7. In my opinion the distinction between admissible evidence of reputation and inadmissible hearsay evidence can be stated thus. If the evidence is of those persons who are living in the locality where the reputation is prevailing and where people talk of their beliefs about him and who themselves believe it, it is admissible. But if the evidence is of a man who does not know about the reputation himself but has heard it from, others, it will be hearsay. In other words, the evidence of those who know the man and his reputation is admissible. Evidence of those who do not know the man, but have heard of the reputation is not admissible. I have already noted the observation of Ashworth, J., in the Allahabad case. It is the duty of the court to judge whether a man deserves a particular reputation and, in order to judge this, enumeration of specific cases will serve a valuable guide. In these circumstances I hold that the evidence of the witnesses in this case is admissible to prove that the petitioner has a bad reputation of being a helper and harbourer of thieves and of a dangerous and desperate character. Mr. Manuk has pointed out that the witnesses, except one or two, came from different villages and not from the village of the petitioner. But nevertheless the witnesses are in my opinion competent witnesses. They live in the neighbourhood of the petitioner and know him very well. They come from villages where the petitioner must have some reputation good, bad or indifferent. The fact that a large number of persons has not been produced from the petitioner's village is not surprising. Admittedly the petitioner is a well-to-do Zamindar and has got an extensive money-lending business. He must have been holding a considerable influence in the locality; and, in the circumstances, one cannot expect that the petitioner's villagers will come forward in large numbers to depose against him.
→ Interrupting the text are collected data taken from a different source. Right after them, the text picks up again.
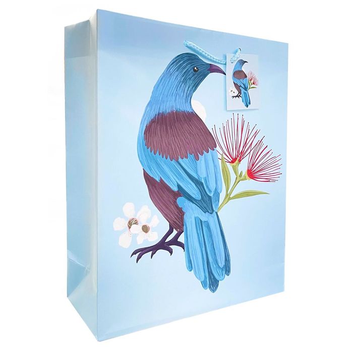 Large blue gift bag with a tūī bird, manuka and pōhutukawa flower print. Size; 26.7x33x11.4cm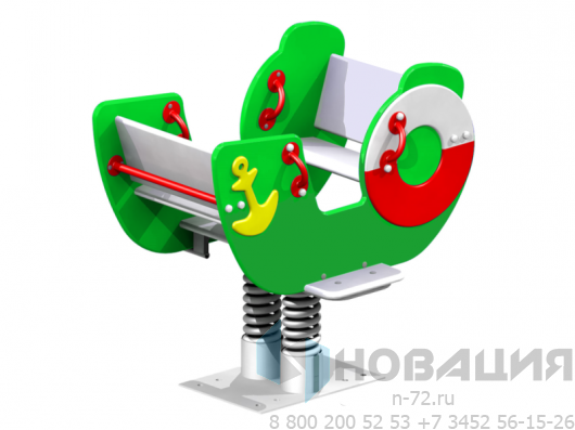 2-х местный балансир оснащен парными элементами: пружинами (d 26 мм), перекладинами жесткости, опорами для ног, фанерными посадочными местами со спинками. В комплексе 8 поручней (d 21 мм). На боковых панелях в виде корабля накладные элементы-якорь, спасательный круг. Для входа предусмотрены выемки в стенках.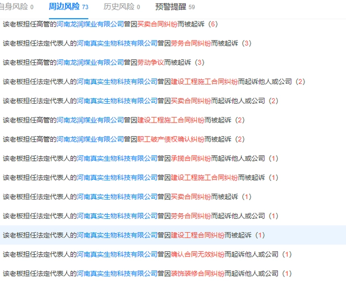 而通过天眼查周边风险可知,王琳担任高管的河南龙润煤业有限公司被列为失信人,这也是王琳在5家存续的企业中唯一没有担任法人代表的,王琳担任法人代表的真实生物也多次被起诉,王琳成了谜一样的神秘人物。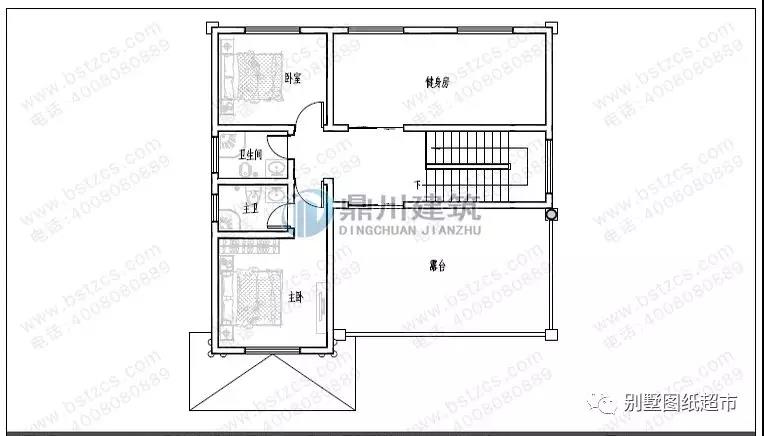 三層:健身房、臥室(附衛生間)、臥室、衛生間、露臺,大露臺滿足晾曬和休閑的需求。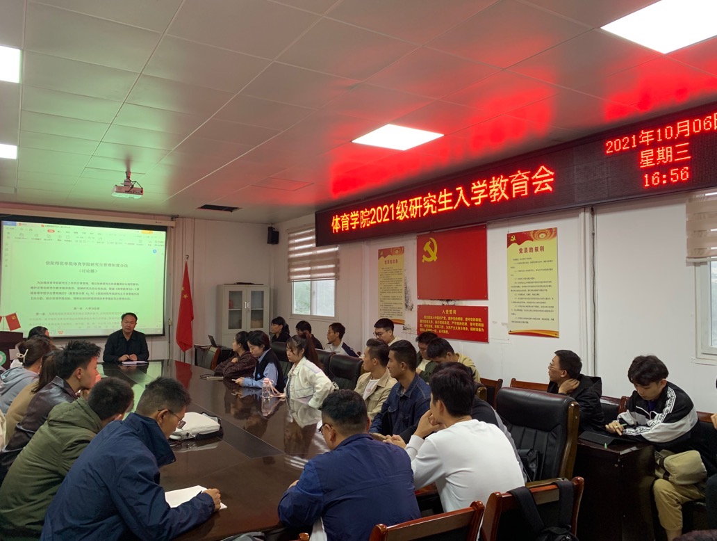 10月6日下午,pg娱乐电子游戏官网入口2021级研究生入学教育活动在三楼会议室召开。主管研究生工作副院长张翔为研究生新生讲授入学第一课。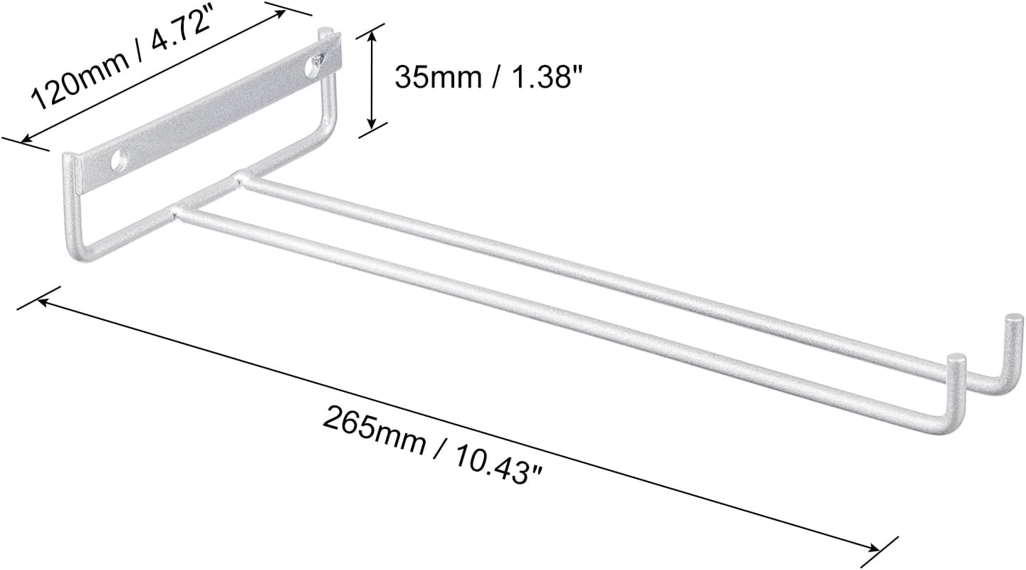 - [Wine Glass Holder] Material: Iron; Color: Silver; Weight: 678g; Size: 265x120x35mm/10.43"x4.72"x1.38" (LxWxH); Thickness: 5mm/0.2"; Surface Treatment: High-Temperature Paint.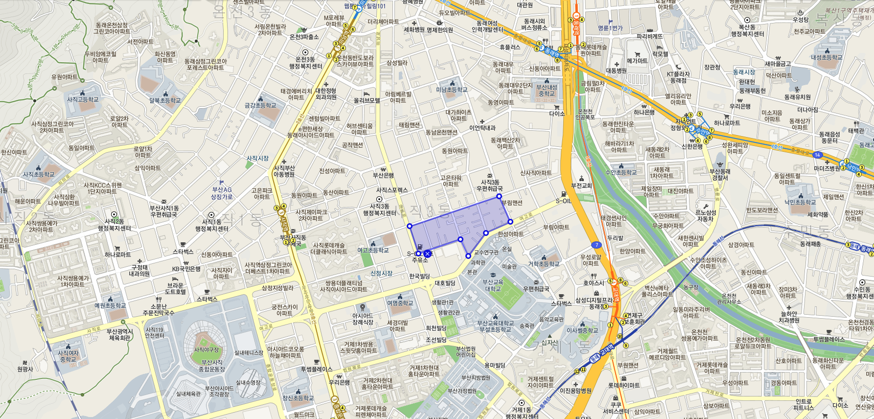 다만, 부산 지하철3호선 사직역, 1호선 교대역의 딱 중간쯤에 위치하여 도보 10여분정도가 소요가 됩니다.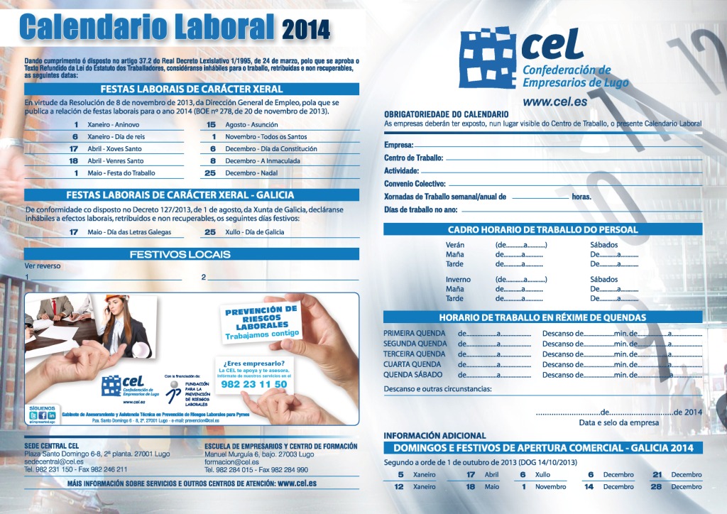 El modelo de Calendario Laboral de la CEL contiene información de los festivos nacionales (Resolución, de 8 de noviembre, de la Dirección General de Empleo), autonómicos (Decreto 127/2013, de 1 de agosto, de la Xunta de Galicia), y de los provinciales (Resolución de la Xefatura Territorial de la Consellería de Traballo e Benestar - BOP de 22 de octubre de 2013), así como otros datos adicionales de interés como los domingos y festivos de apertura comercial.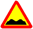 1.11 " Холм". Участок дороги с буграми, наплывами или неплавной стыковкой конструкций мостов. Знак также может применяться перед искусственно создаваемыми буграми в местах, где необходимо принудительно ограничить скорость движения транспортных средств (опасные выезды с близлежащих территорий, места с интенсивным движением детей через дорогу и т.п.).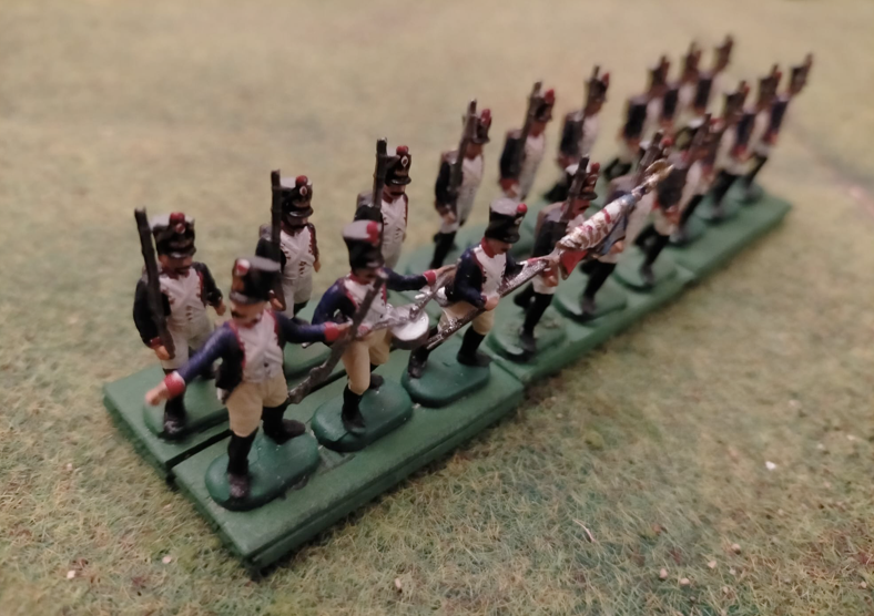 - When the companies are inside the line battalions they act and shoot (at 20 cm) like the other line troops and, when they are separated but close to the rest of the battalion to act as a screen, they act as light infantry (firing up to 30 or 40 cm depending on the type of weapon supplied).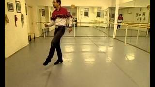 5-8 Step L to left side, step R behind L, turning 1/4 left step on L, touch R next to L (9:00)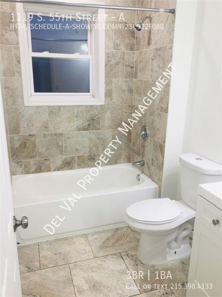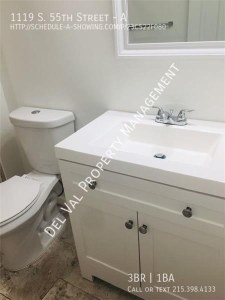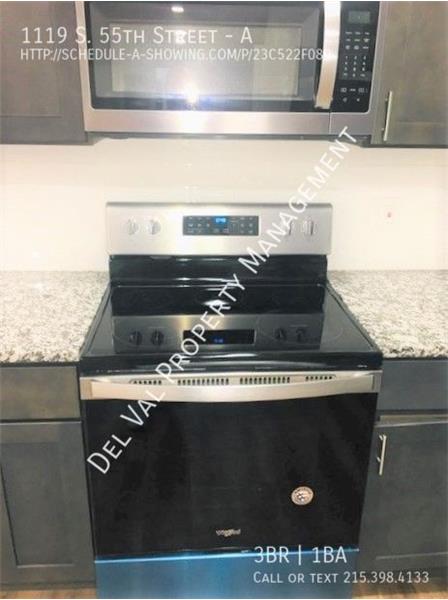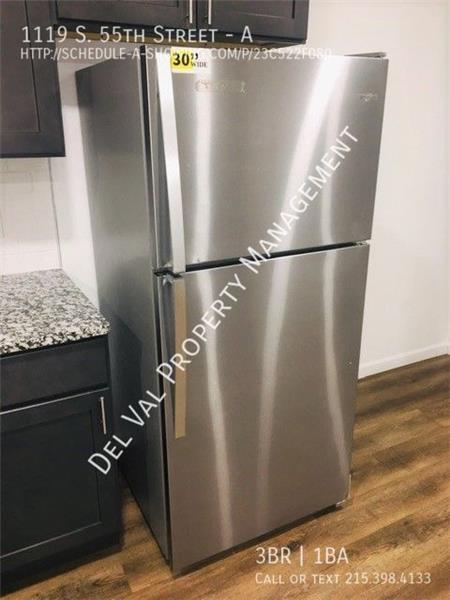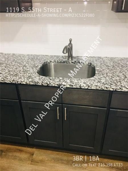 - We've Improved the Rent! Newly Renovated Bi-level 3-Bdrm Apartment for Rent – 1119 S. 55th Street # A – Southwest Philadelphia - $1395/month plus electric, water and $35 flat fee for Gas. Cost of trash removal, snow removal and sewer is included in rent - 3 Bedrooms - 1 Bathroom - Street parking - Eat-in Kitchen has Stainless steel appliances, granite countertops, new cabinets and more! - Walk to public transportation, shops, eateries and four (4) blocks to Cobbs Creek Park trails - Washer/Dryer hook-ups - Please see Description Page for more information!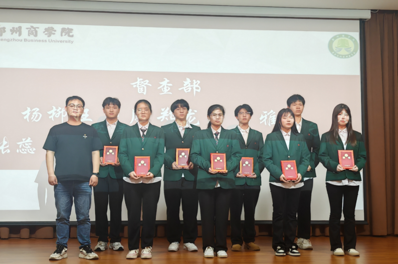 会议接下来宣读了第七届主席团成员名单,并由贺萌科长为他们颁发聘书并合影留念;随后宣读了第七届宿管会干部成员名单,并由贺嘉鑫老师为新聘学生干部颁发聘书。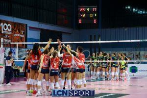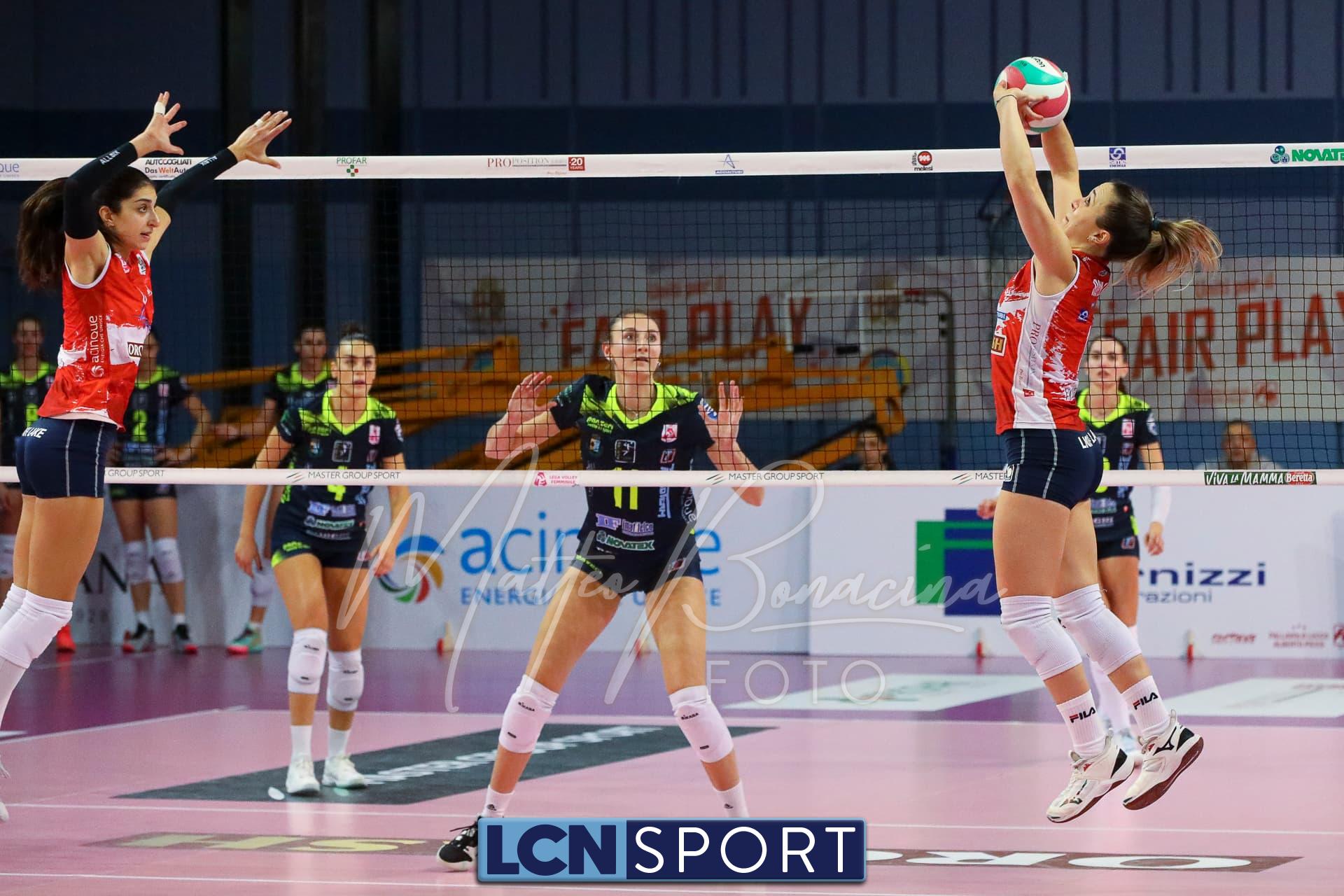 Non c’è mai partita. La Orocash Picco Lecco vince il secondo derby stagionale con la Tecnoteam Albese Volley e si rilancia in classifica, mettendosi dietro proprio le comasche già battute all’andata. Stravince, la compagine biancorossa, davanti a un “Bione” pieno in ordine di posto nel giorno di Santo Stefano, una delle tante novità portate dalla promozione in Serie A2. Alla compagine allenata da coach Gianfranco Milano serviva una vittoria piena e quella è arrivata, mai in bilico o messa in discussione: l’equilibrio c’è stato solamente nel secondo set, ma nel momento più caldo le lecchesi hanno mostrato di volersi portare a casa tutta la posta in palio, chiudendo nel miglior modo possibile il 2022. Così è stato: Picco Lecco superiore in tutti i fondamentali e nelle fasi di gioco, Albese che ha ampiamente dimostrato di non ancora trovato la chiave di volta di una stagione partita con bel altre aspettative. Ora breve pausa: la Orocash tornerà in campo l’8 gennaio sul campo della LPM BAM Mondovì, altra compagine che naviga sotto il livello delle proprie ambizioni dopo un girone d’andata alquanto deludente.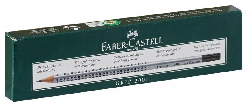 Карандаш простой HB, с ластиком, трехгранная форма, антискользящая зона, Faber-Castell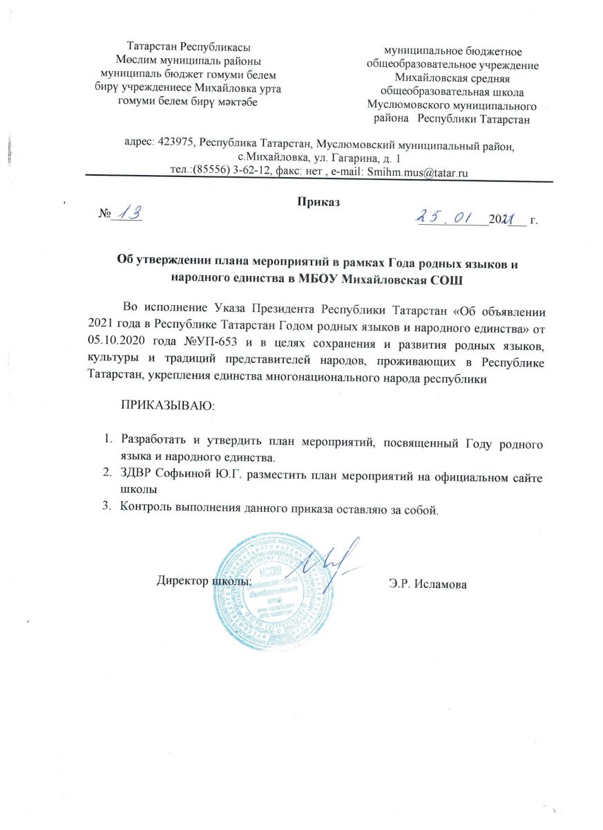 Муниципальное бюджетное общеобразовательное учреждение Михайловская средняя общеобразовательная школа Муслюмовского муниципального района Республики Татарстан

8. It has further been pointed out that the prosecution case was being manoeuvred by Ghughli Rai with whom the petitioner is on bad terms. No doubt Ghughli Rai has naturally been taking a keen interest for the prosecution and possibly has been helping them. This will always happen in such bad livelihood cases. A man who is proceeded against under the preventive sections of the Criminal Procedure Code must have some enemies whom he has hurt and these persons are bound to help the prosecution in getting the man bound down. Evidence of witnesses cannot be discarded on this ground. The only thing required is that the court should be cautious in accepting the evidence of witnesses who come from such quarters. Had not in this case the evidence of the witnesses of general repute been based upon specific instances spread over a period of about seven to eight years, perhaps much could have been said in favour of the petitioner. Then it has been urged that a considerable number of witnesses have come to depose about the good character of the petitioner and it is contended that the Courts below ought not to have discarded their evidence. In my opinion they have considered the evidence and have given very, good reasons for not acting upon the defence evidence. First of all, these witnesses do not show any knowledge of the numerous cases which. I have staled above. At any rate Firangi Rai, was openly accused in the two murder cases and the witnesses pretended ignorance of these cases. As these cases go to build the foundation of the petitioner's reputation, their evidence loses much of its value. Furthermore, it has been brought out in the evidence that there was a meeting in which it was resolved that Firangi Rai should be helped as he was a wealthy man.

9. The reputation of the petitioner so far as, it relates to his being a protector and harbourer of thieves is not supported on sufficient facts, while of his being dangerous and desperate is fully justified and in my opinion he comes under Clause (f), Section 110, Criminal Procedure Code. The application is rejected, and the Rule is discharged.